15 mirrored spheres drift in GOMA

 

Long fascinated by the air, Argentinian-born, Berlin-based artist Tomás Saraceno has created a major new commission — a mesmerising suspended installation — Drift: A cosmic web of thermodynamic rhythms 2022 (illustrated).

Saraceno’s Drift engages the poetic and imaginative potential of air. The spheres are part transparent and part reflective; some float above the viewer at different heights moving gently as if breathing, while others float in apparent stillness. As they catch and refract the light, they remind us of the complex dynamics of the air we rely on.

Watch | ‘Drift’ installation time-lapse

Watch | Tomás Saraceno discusses his colossal installation ‘Drift’

Tomás Saraceno ‘Drift: A cosmic web of thermodynamic rhythms’ 2022

Tomás Saraceno, Argentina b. 1973 / Installation view of Drift: A cosmic web of thermodynamic rhythms 2022, ‘Air’ GOMA 2022 / 15 Aerocene spheres, transparent and metallic mylar, tape, pump with overpressure release, polyester rope, kinetic system, backpack, newspaper, pamphlets, books and photographic prints on paper / Purchased 2022 with funds from the Neilson Foundation through the QAGOMA Foundation / Collection: Queensland Art Gallery | Gallery of Modern Art / © Tomás Saraceno / Photographs: C Callistemon © QAGOMA

DELVE DEEPER: Tomás Saraceno’s Biospheres

The installation Drift expands on Saraceno’s earlier works based on infrared radiation balloons launched into the upper reaches of the atmosphere by the French Centre National d’Etudes Spatiales (CNES), Paris, where he was artist‑in‑residence in 2012. The artist explains:

The sculptures, made of two different lightweight materials, are experimental models and chart a path towards sustainable human flight technologies. In the world, the mirrored section would reflect the Sun’s radiation, controlling the temperature inside, preventing overheating during the day. The transparent part helps to maintain the temperature inside the envelope during the night and hence its buoyancy. It holds the infrared radiation emitted from the Earth’s surface — the solar heat the planet accumulates over a day. Drawing just enough heat, but not too much, would enable a fluctuating trajectory, a floating choreography in the air, free from fossil fuels, powered only by the thermodynamics of the planet.

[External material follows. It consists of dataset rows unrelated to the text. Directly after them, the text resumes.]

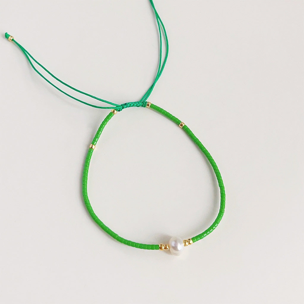 - A delicate green cord bracelet featuring a single pearl and gold bead details.
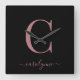 Horloge Carrée Monogramme d'or minimaliste Rose moderne Nom du sc
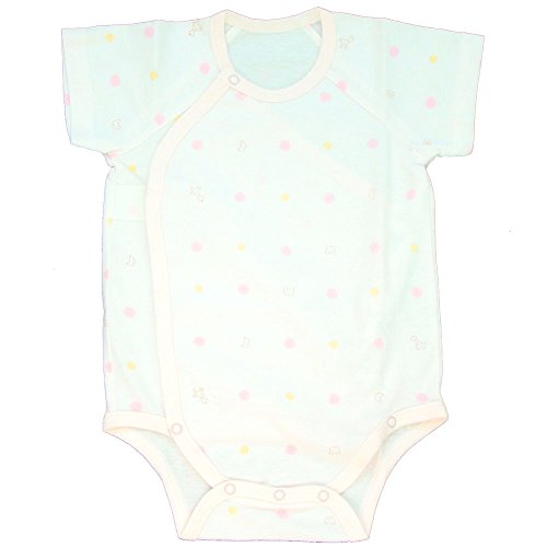 • ねんねの頃の赤ちゃんに着せやすい前開きタイプのボディウエアです。
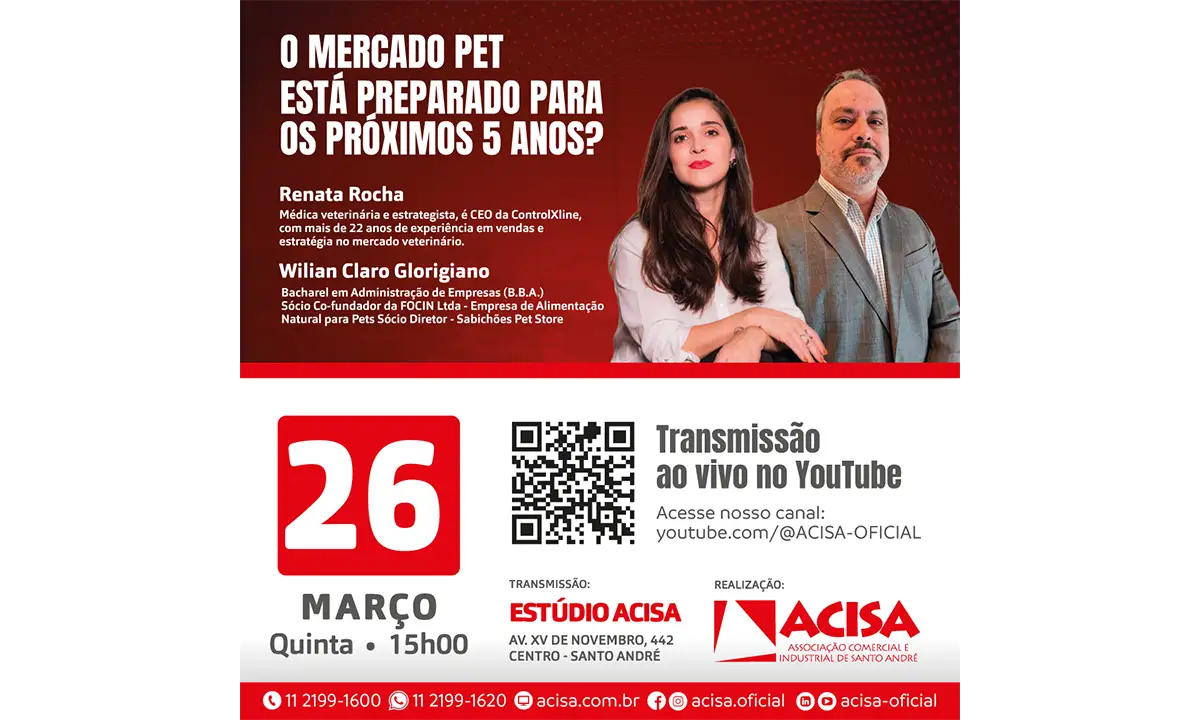 Com a proposta de analisar as tendências e os desafios do mercado pet para os próximos cinco anos, a Associação Comercial e Industrial de Santo André  – ACISA promove, no dia 26 de março (quinta-feira), às 15h, uma live dedicada ao tema. A transmissão será ao vivo pelo canal do YouTube.com/@ACISA-OFICIAL.

Working across the fields of science, engineering, art, philosophy and community organising, in 2015 Saraceno founded the Aerocene Foundation, inviting us to join him in a new era which he calls the ‘Aerocene’. As he says:

The international Aerocene community calls for a different way of living independent from fossil fuels. More deeply attuned to our environment, new infrastructures are imagined through the process of working in collaboration with each other, our ecologies and the atmosphere we rely on.